Эмир пообещал вернуться с ответом через пять-шесть дней…
Ожидая, пока подсохнет дорога, ведущая от Перекопа в центр Крыма, армия простояла почти весь день и лишь в 4 часа после полудня несколькими колоннами двинулась в сторону Соленых Озер. Пройдя за пять часов двадцать пять верст, полки остановились на ночлег у опустевшей деревни Ахтам, все жители которой сбежали вместе с отступавшими из Ор-Капу турками и татарами.
С утра опять зарядил дождь, мелкий, нудный. Долгоруков надеялся, что он не будет затяжным, но время шло, дождь продолжал поливать степь, и в 2 часа дня, потеряв терпение, Василий Михайлович приказал бить генерал-марш.
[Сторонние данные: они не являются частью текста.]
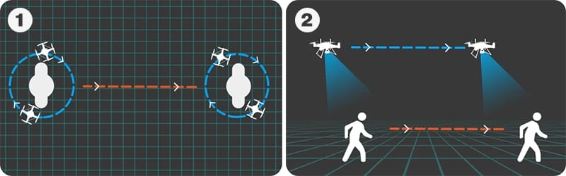 - Умное следование (2). Дрон активно отслеживает позицию объекта, удерживая угол постоянным. При этом камера всегда направлена на объект.

Покинув Ахтам, колонны снова двинулись на юг.
Вскоре дождь усилился и к вечеру превратился в настоящую грозу. По небу, раздирая тучи огненными разводами, судорожно метались ветвистые молнии, воздух дрожал от могучих раскатов грома, потоки воды обрушились на притихшую степь.
Тяжелые обозы мигом увязли в грязи, отстали от пеших и конных колонн. Ближе к полночи, пройдя тридцать одну версту, совершенно выбившаяся из сил армия вошла в деревню Шокрак.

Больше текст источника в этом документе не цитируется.